Kang Sandza salah satu guru guru di kabupaten tetangga Cianjur juga bilang di lain pihak, guru dituntut all out tapi dengan banyak ngurus administrasi macam ini itu justru akan lebih menyita waktu dan mengikis kualitas kegiatan di kelas karena mungkin di masa tertentu harus banyak begadang.
Sama seperti Kang Sandza, saya juga tidak mengerti dengan pola pikir pemerintah. Yang di pusat mungkin enak, tapi pernahkan membayangkan bagaimana kondisi di kampung? Di pedesaan seperti di Cianjur Selatan ini?
Mengutip doa Kang Sandza, semoga kelak urusan administrai guru kembali lagi ke jaman dulu ya semisal tak usahlah ada KKM-KKM an biarkan saja nilai mah seadanya. Toh justru kalau guru lebih fokus ke urusan kelas, akan lebih cepat mengetahui mana anak yg bermasalah dan harus segera ditangani. Anak rangking pun sudah bisa lebih cepat diprediksi. Daripada misal pake KKM sekarang yang minimal misal 75, haduhhh itu nilai anak harus dipaksa segitu minimal jadi rapotnya hambar antara nilai anak satu dengan yang lain tak jauh beda, tak natural padahal kemampuannya jauh berbeda.

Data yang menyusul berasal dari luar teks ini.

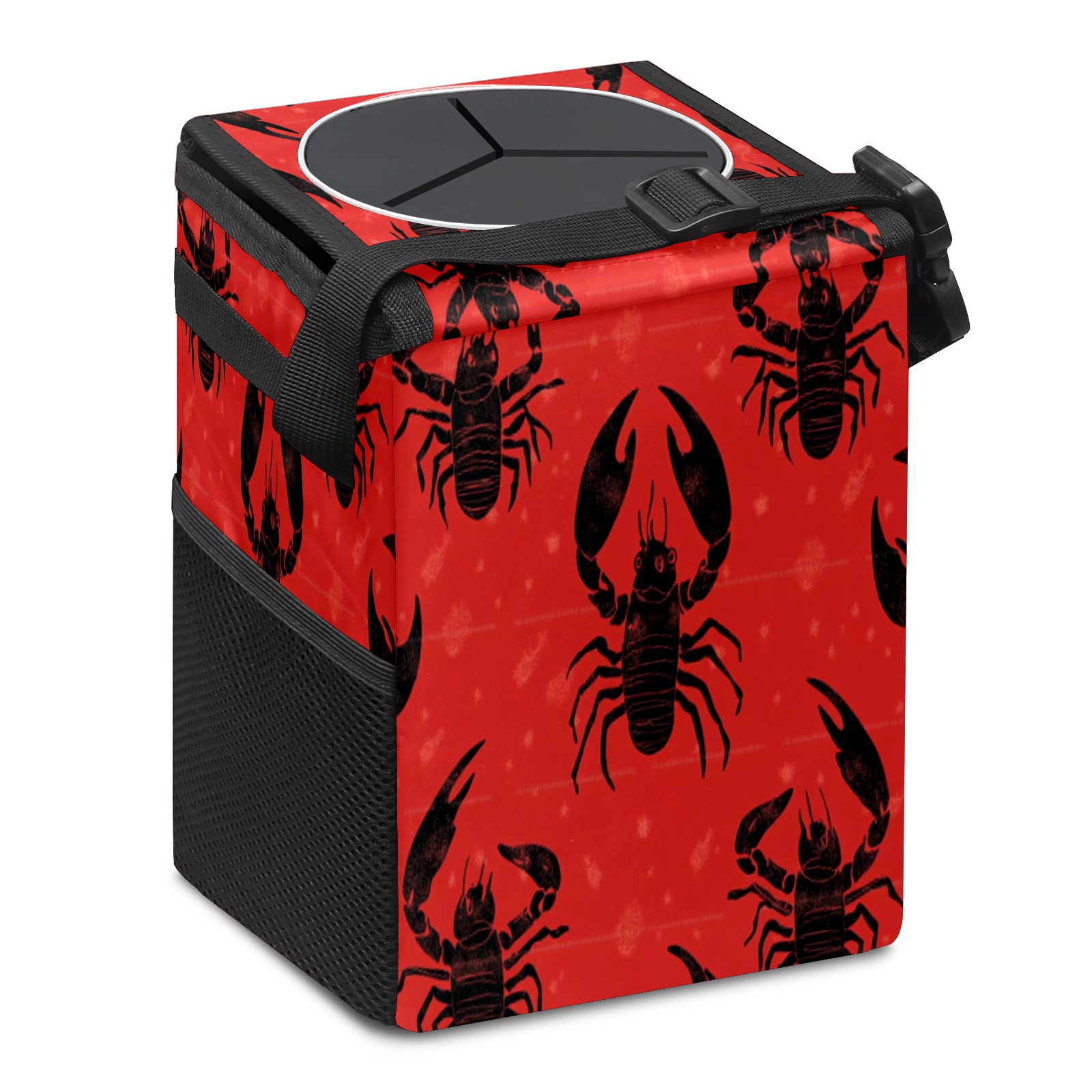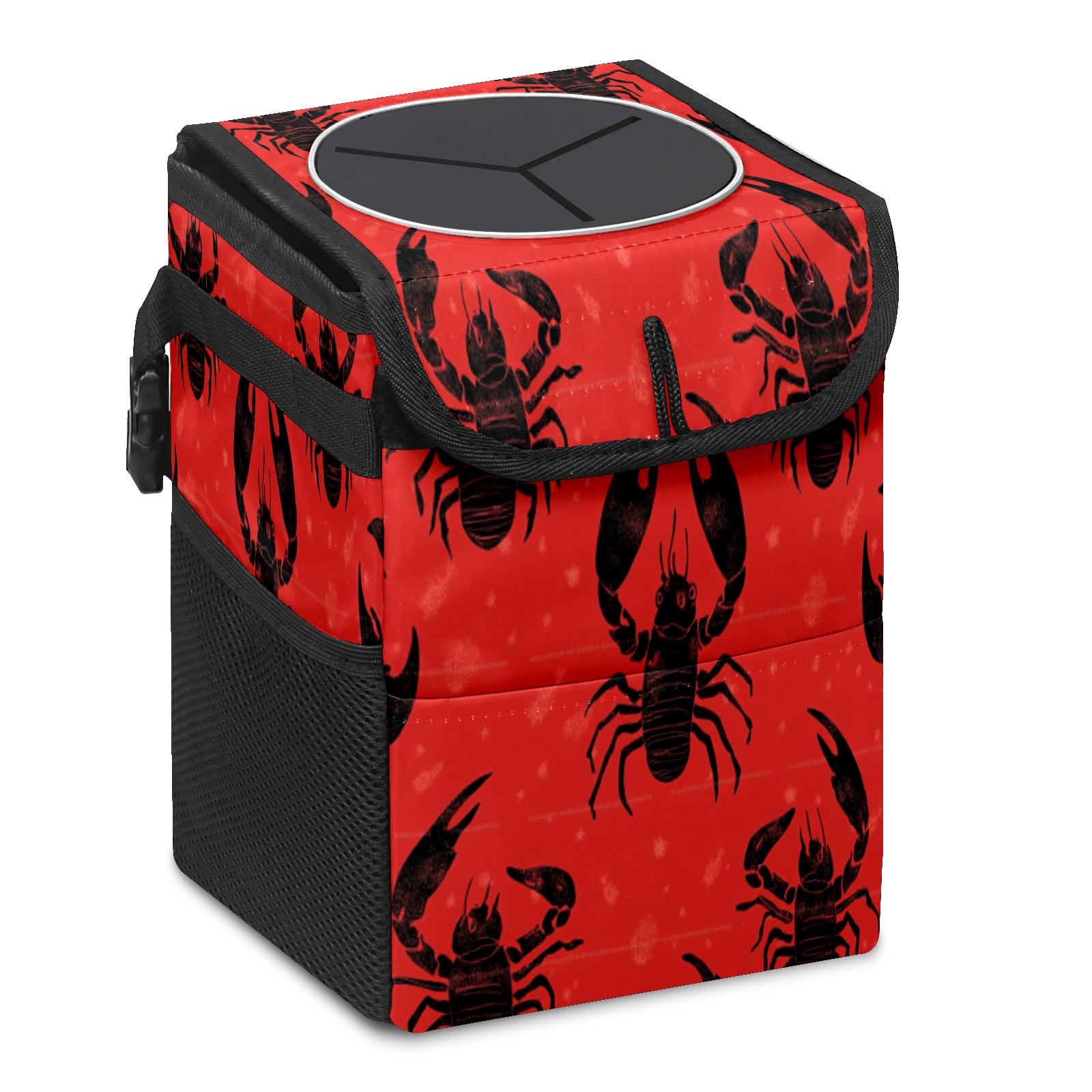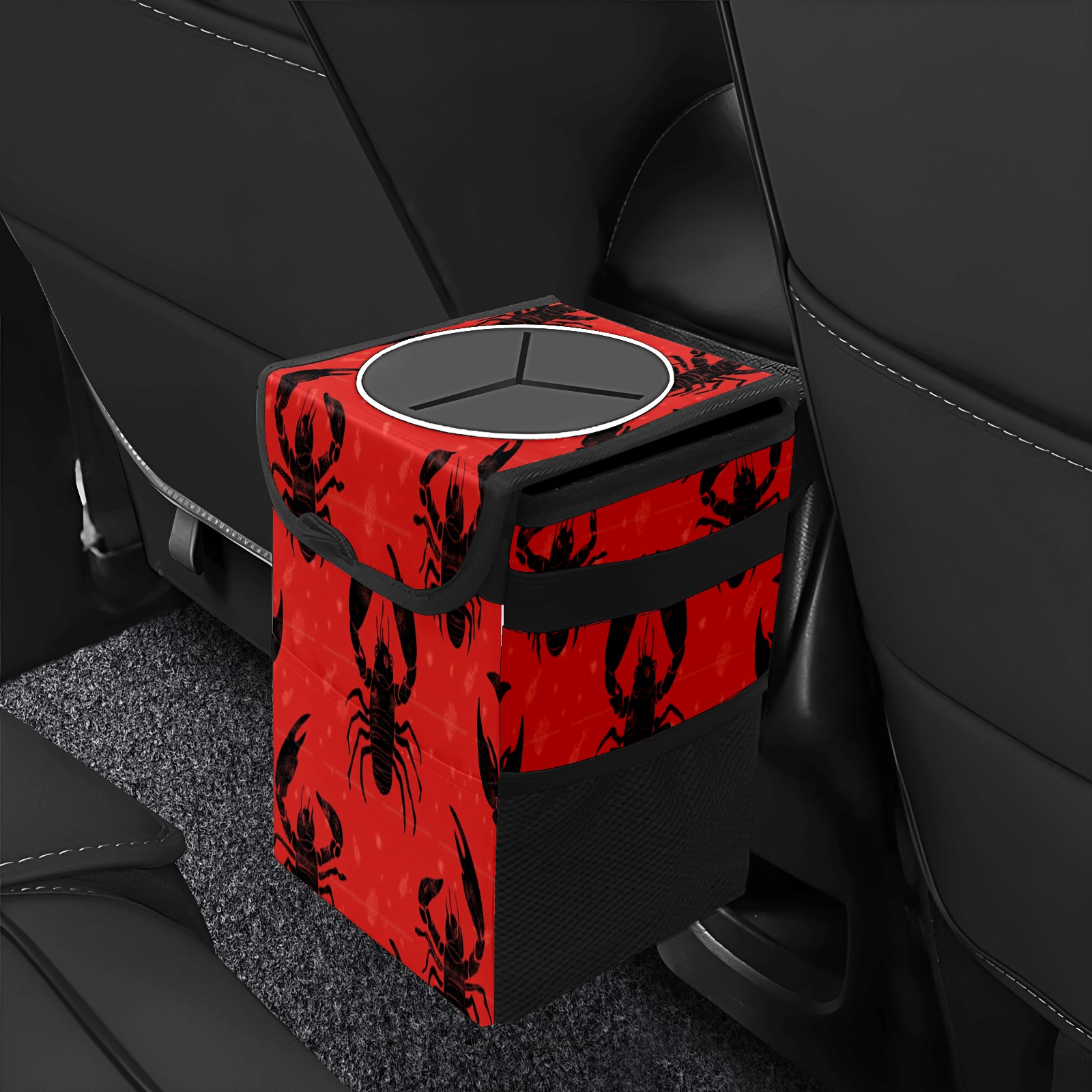Car Trash Can with Lid & Multiple Pockets ,Foldable Vehicle Garbage Bin Waterproof & Leak Proof Automotive Garbage Cans Car Accessories for Women Men Road Trip Essentials Black Crab Pattern
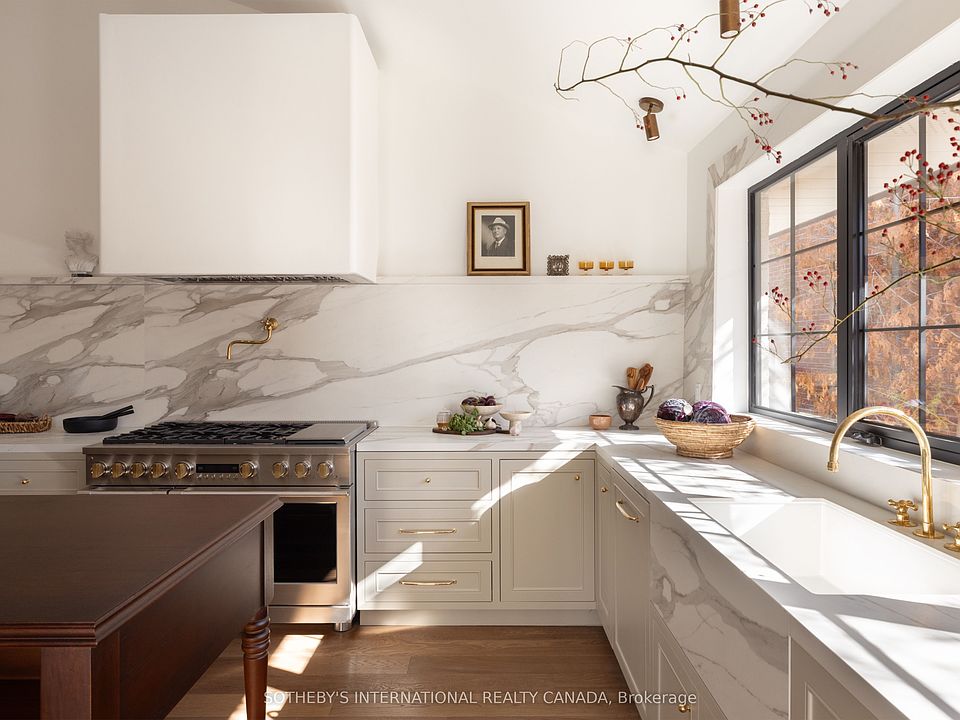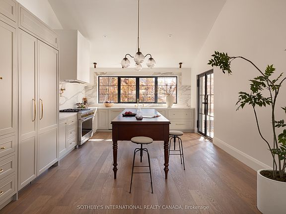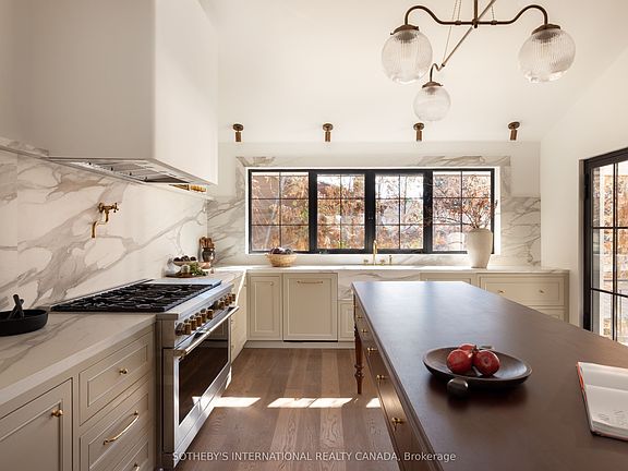 Impeccable 5-bedroom, 5-bath, residence with 2 kitchens, double laundry & walk-up basement. Approx. 5,315 sq ft of total living space. Enduring value. Purposeful design. Step through brand new custom wrought iron doors into a 13.5-ft vaulted foyer where light pours thru a skylight onto heated Italian porcelain floors. Vaulted ceilings on the main & upper levels, aluminum windows & hand-oiled European oak floors continue throughout, w/ heated floors in all baths. The custom kitchen centers on a 10-ft walnut island, face-framed birch cabinetry & honed porcelain across the counters & backsplash. Unlacquered brass hardware, a vaulted ceiling w/ a custom fixture & $150K in Monogram appliances complete the space. The family room is anchored by a Valor H6 fireplace w/ an exquisite mantle, custom built-ins & an imported English light fixture. Two bedrooms feature walk-in closets, one w/ a double, while another offers a private ensuite with Kohler x McGee & Co. vanity & hardware. Main bath incl. a 72-inch double vanity, fluted tub & oversized shower. The private primary suite on the lower level is easily accessible & feat. a 48" fireplace, large windows, terrace walkout & dressing room with floor-to-ceiling organization. Its 5-pc ensuite incl. a marble & walnut vanity, freestanding tub, water closet & porcelain slab steam shower w/ dual heads. The lower level includes a large wine cellar, family/recreation room & full second kitchen with custom birch cabinetry, leathered quartz counters & walk-in pantry. The basement feat. a fifth bed with 5-pc ensuite, gym w/ built-in speakers & large media or office space. Walk-up access to the yard (completed with permit) adds flexibility for work or guests. Outdoors, a generous space awaits your personal touch. This home offers rare versatility for guests, rental potential or exclusive living in Stonegate-Queensway, min. from shopping, fine dining, Mimico GO & 15 minutes to Billy Bishop & Pearson airport. Exceptional schools nearby.

Miris memang kondisi di pedesaan kami ini. Tak habis pikir mengapa pendidikan dan kesejahteraan begitu sulit hanya karena terjegal para oknum yang memakmurkan diri selagi berkuasa (menjabat sebagai kepala sekolah). Padahal kalau terjadi hal tidak diinginkan terhadap generasi muda, tidak sedikit yang dengan mudah menyalahkan gurunya. Hello, jadi tahukan sekarang kenapa banyak guru perkotaan yang tidak mau ditempatkan di pedalaman? Banyak PNS numpukdi kota dan honorer yang ada di pedesaan jadi sasaran empuk para oknum.